Data are presented as mean±standard deviation. *Significantly different than measured peak oxygen consumption, p=0.003.

C, ratings of perceived exertion for the chest/breathing; C/HR, combined ratings of perceived exertion for chest/breathing and heart rate statistical model; HR, heart rate statistical model; L, ratings of perceived exertion for the legs statistical model; L/HR, combined ratings of perceived exertion for the legs and heart rate statistical model; O, ratings of perceived exertion for the overall body statistical model; O/HR, combined ratings of perceived exertion for the overall body and heart rate statistical model; VO_2peak, peak oxygen consumption.

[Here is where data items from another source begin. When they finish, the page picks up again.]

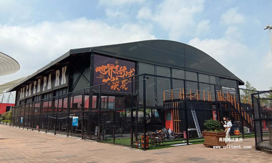 隨著人口的增加和人們生活水平的提高,各種大廈如雨后春筍般拔地而起,人們戶外活動的空間不斷被壓縮,各種戶外體育館更是由于維護(hù)成本以及運(yùn)營成本高昂而不得不提高收費(fèi)標(biāo)準(zhǔn),導(dǎo)致流失不少中低端客戶。此外,傳統(tǒng)體育館更有施工周期長,維護(hù)成本高,用途單一的特點(diǎn)而不受商家歡迎。奧騰集成篷房針對這些傳統(tǒng)體育場館的劣勢,提出了一種全新的體育館篷房設(shè)計方案。這種體育館篷房既可反復(fù)拆卸使用,又可以作為籃球館、足球場、羽毛球場等,可謂是“一個篷房,多個場館”!
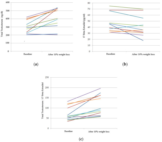 Spaghetti plot of hormonal profile at baseline and after 10% weight loss with individual patient trajectories indicated by colored lines. (a) TT; (b) E2; (c) aromatase enzyme activity, expressed as TT/E2.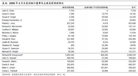 富国银行与花旗集团(C.US)股权极度分散,因此我们不关注其股东,而主要关注董事会和管理层情况及其考核激励机制。我们分析后发现: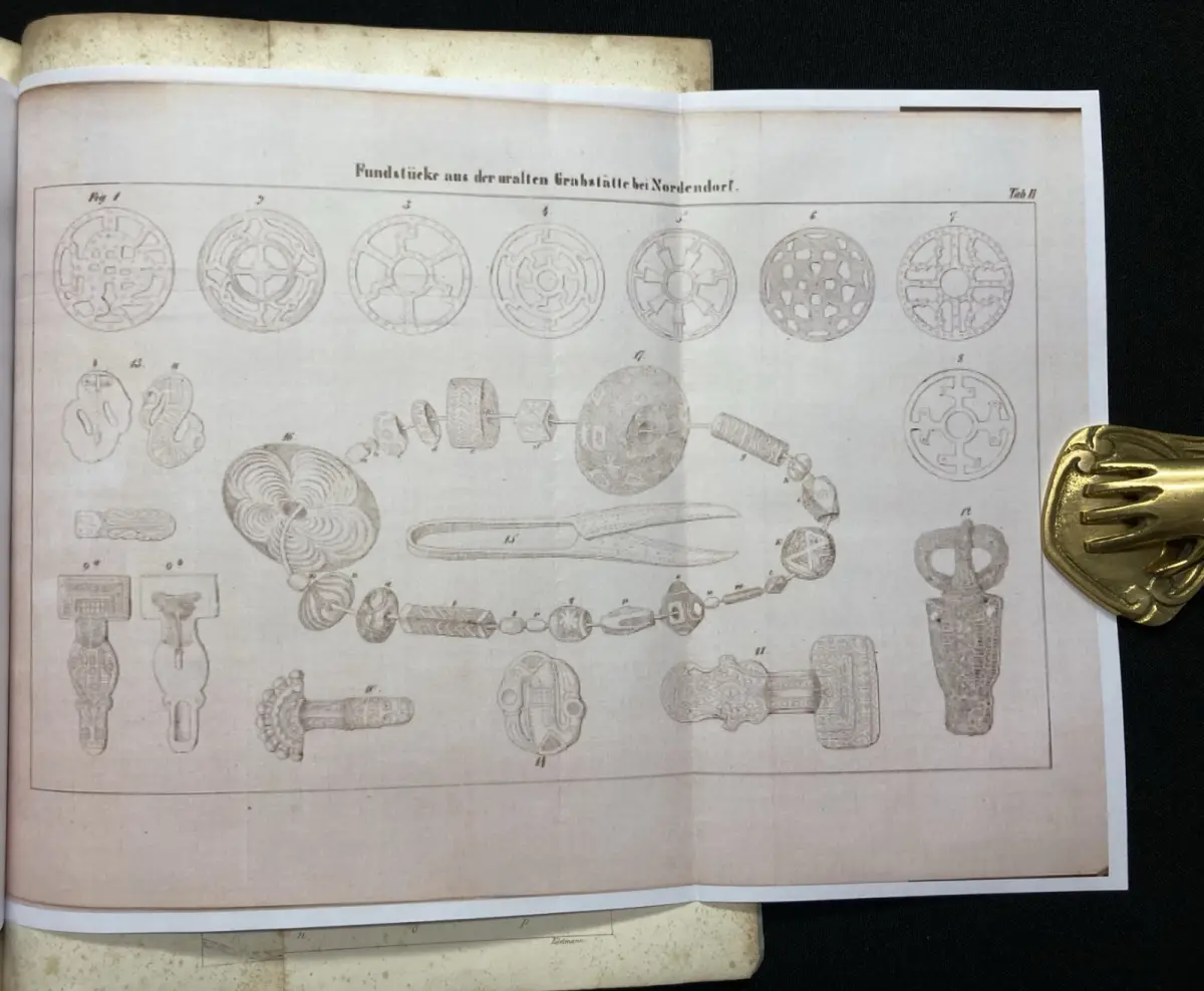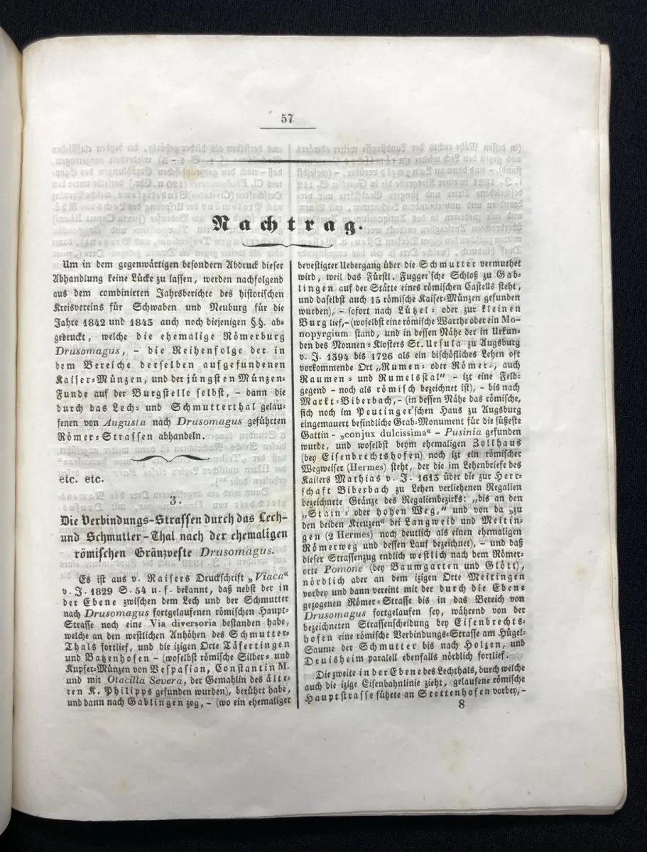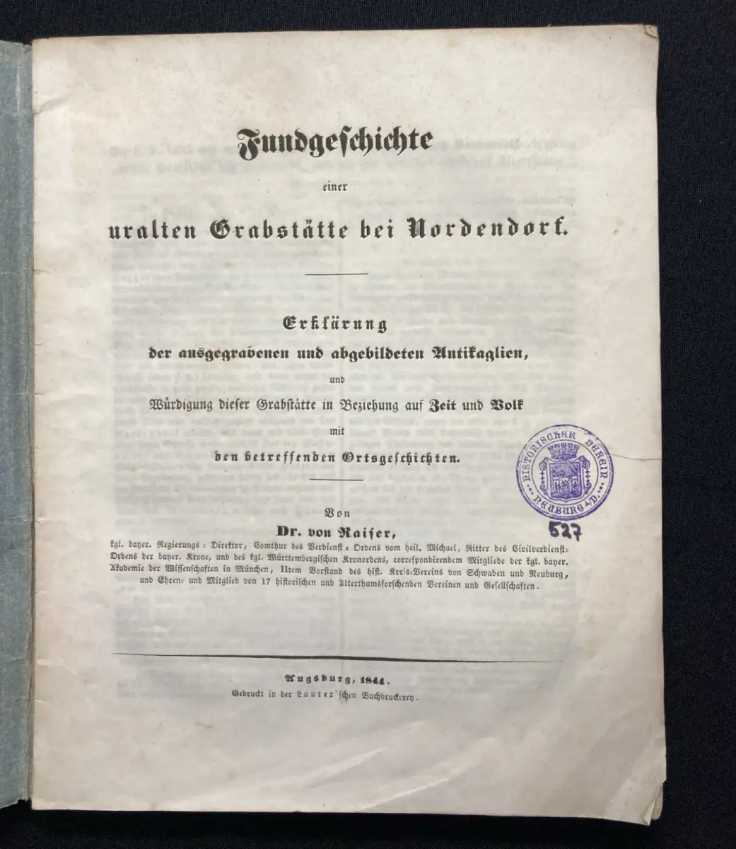 Einband eselsohrig, Papier gering gebräunt und beide Spiegel sowie Titel beschrieben und gestempelt vom Historischen Verein Neuburg. Fehlende Tafeln in Kopie beigegeben( diese sind im Preis bereits berücksichtigt)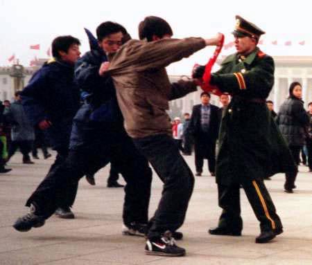 Thanks to China's growth in capitalism and economic strength more students are able to access the internet than ever before, and they're learning about what happened during the June 4th 1989 massacre, which they colloquially refer to now as "6-4." Thanks to a higher rate of English foreigners flooding China there is also a lot more people learning about the massacre which has been ignored in China's history books. Some Chinese, raised on a diet of Communist party propaganda and nationalism, don't believe the information about the massacre, thinking it to be some kind of hoax. But for those who do believe and democracy advocates it's a dangerous challenge to the Communist Party's monopoly over information, many of whom security police have been periodically arrested, intimidated and told to stay silent. Every year people gather at the windswept Tiananmen Square, which sits docked at the mouth of the Forbidden City, and every year a few groups of young people attract the attention of police for trying to post a banner remembering the event in 1989.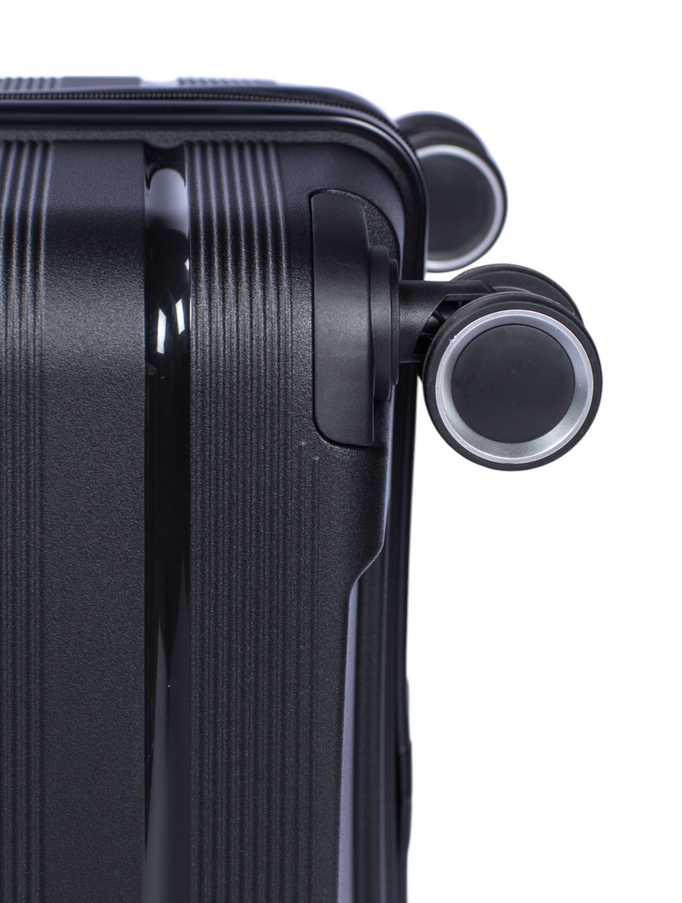 Чемодан Novelty Lines S черный PP c двойными колесами идеально подойдет для путешествий. Этот дорожный аксессуар среднего размера станет надежным спутником в поездках. Он подходит как для женщин, так и для мужчин, сочетая стиль и функциональность. Изготовленный из ударопрочного полипропилена, чемодан обеспечивает высокий уровень защиты вашего багажа от повреждений. Неубиваемый корпус сохранит вещи в целости и сохранности даже при самых нестабильных условиях перевозки. Легкий и удобный чемодан небольшого размера поможет избежать лишней нагрузки во время длительных поездок. Встроенная телескопическая ручка облегчает транспортировку. Простое управление благодаря двойным надежным колесикам с вращением на 360 делает каждую поездку еще более комфортной и беззаботной. Чемодан идеально подходит как для деловых командировок, так и отдыха с семьей или друзьями.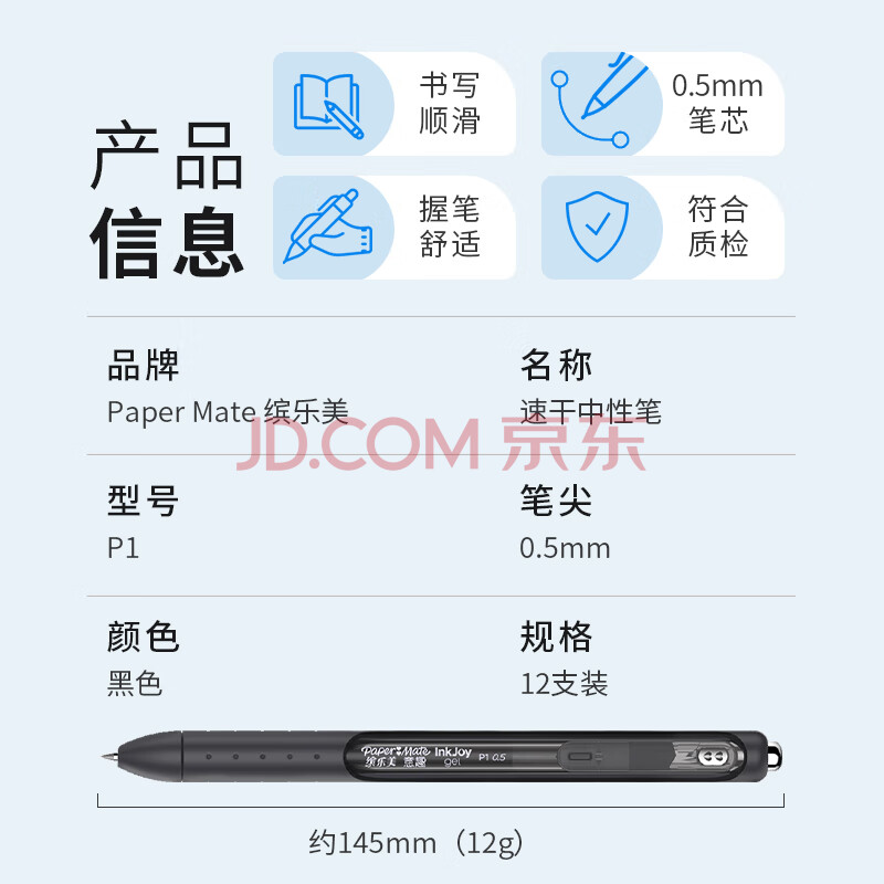 商品相册:缤乐美【开学必备】缤乐美(Paper Mate)中性笔0.5mm高颜值按动式礼物考试学生书写P1系列黑色12支装第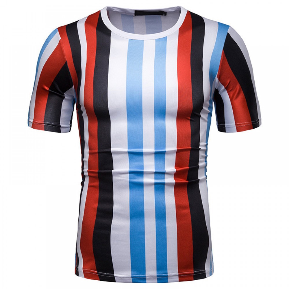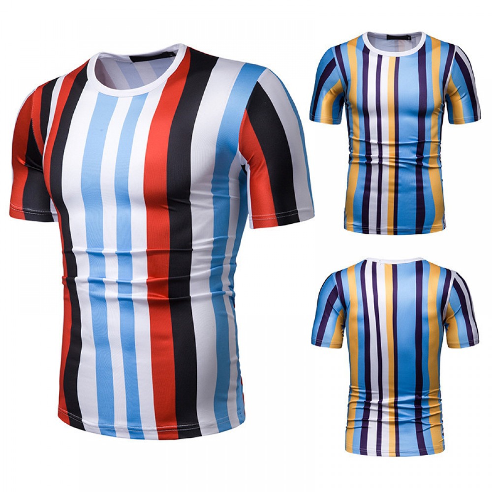 New Summer Men's Short-Sleeved T-Shirt Contrast Striped Slim Casual T-Shirt
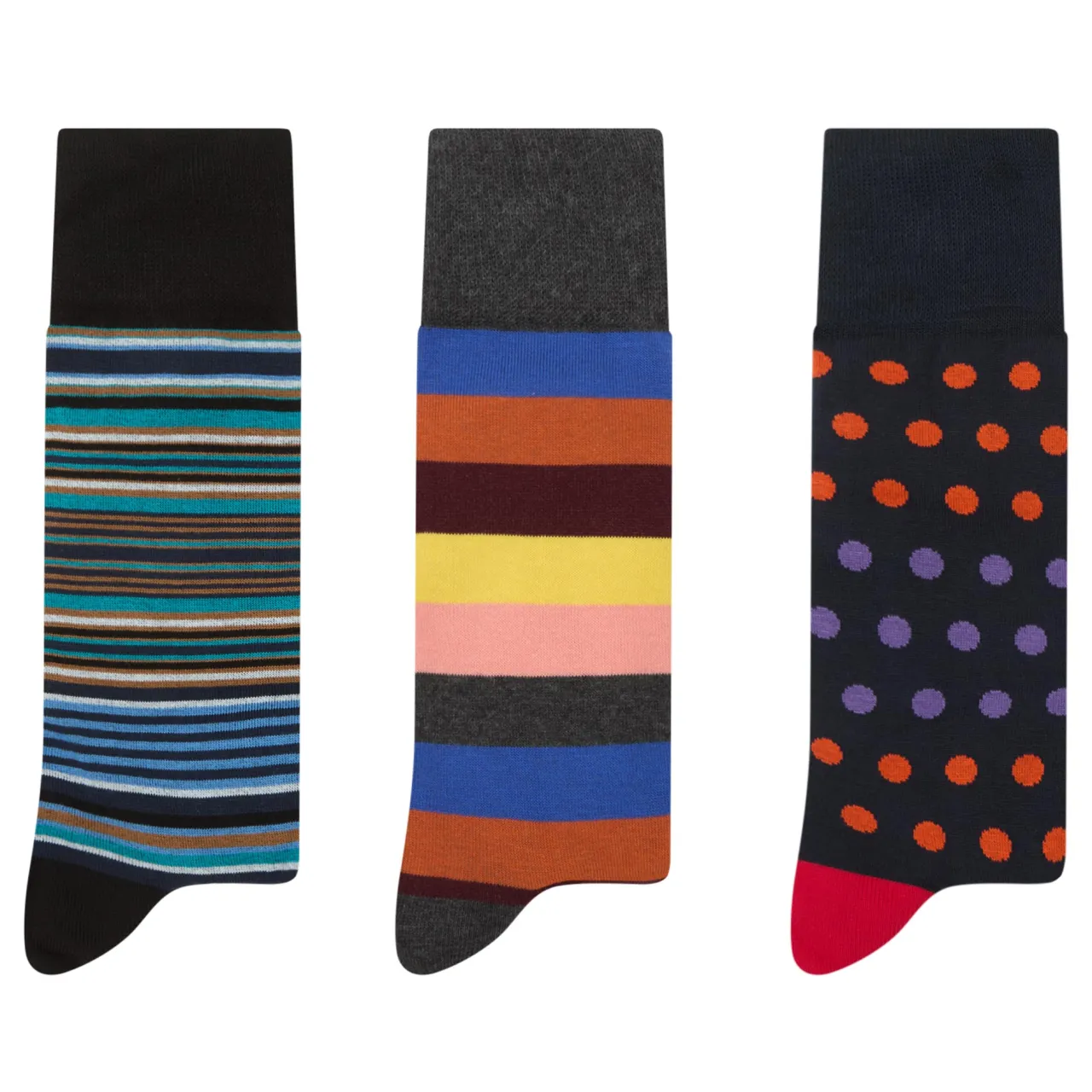 - Pack of three, assorted patterns, crew length, ribbed cuffs, reinforced heel and toe, logo details

Correlation and limits of agreement analyses and achievement of peak oxygen consumption

Correlation analyses for men participants indicated significantly moderate to strong positive relations between log-transformed measured VO_2peak and predicted VO_2peak from individual RPE statistical models (RPE-O: r=0.50, p=0.002; RPE-L: r=0.57, p<0.001; RPE-C: r=0.41, p=0.013). The analysis demonstrated a moderate significant relation for measured VO_2peak and VO_2peak predicted from the HR model (r=0.36, p=0.03). Moderate positive relations were found between measured VO_2peak and combined RPE-O/HR (r=0.49, p=0.002) and RPE-C/HR (r=0.42, p=0.011) models, with a significantly strong relation found with the RPE-L/HR (r=0.56, p<0.001) statistical model. For women participants, the analysis indicated no significant relation between measured VO_2peak and VO_2peak predicted from RPE-O (r=0.11, p=0.512), RPE-L (r=0.20, p=0.235), or RPE-C (r=0.14, p=0.409). The statistical model that predicted VO_2peak from subpeak HR demonstrated a moderate positive relation with measured VO_2peak (r=0.43, p=0.008). Moderate positive relations were found between measured VO_2peak and predicted VO_2peak from RPE-O/HR (r=0.36, p=0.027), RPE-L/HR (r=0.41, p=0.01), and RPE-C/HR (r=0.40, p=0.014) statistical models. An analysis of the Limits of Agreement (LOA) was evaluated between predicted and measured VO_2peak for both men and women and results are depicted in Table 4 [6]. Finally, all participants voluntarily terminated the cycle exercise test or demonstrated an inability to maintain pedal cadence in addition to satisfying at least one additional physiological or perceptual criteria indicative of the attainment of VO_2peak. Table 5 describes the specific indicators met for men and women participants.

Table 4.

Limits of agreement analysis for measured and predicted peak oxygen consumption for men and women.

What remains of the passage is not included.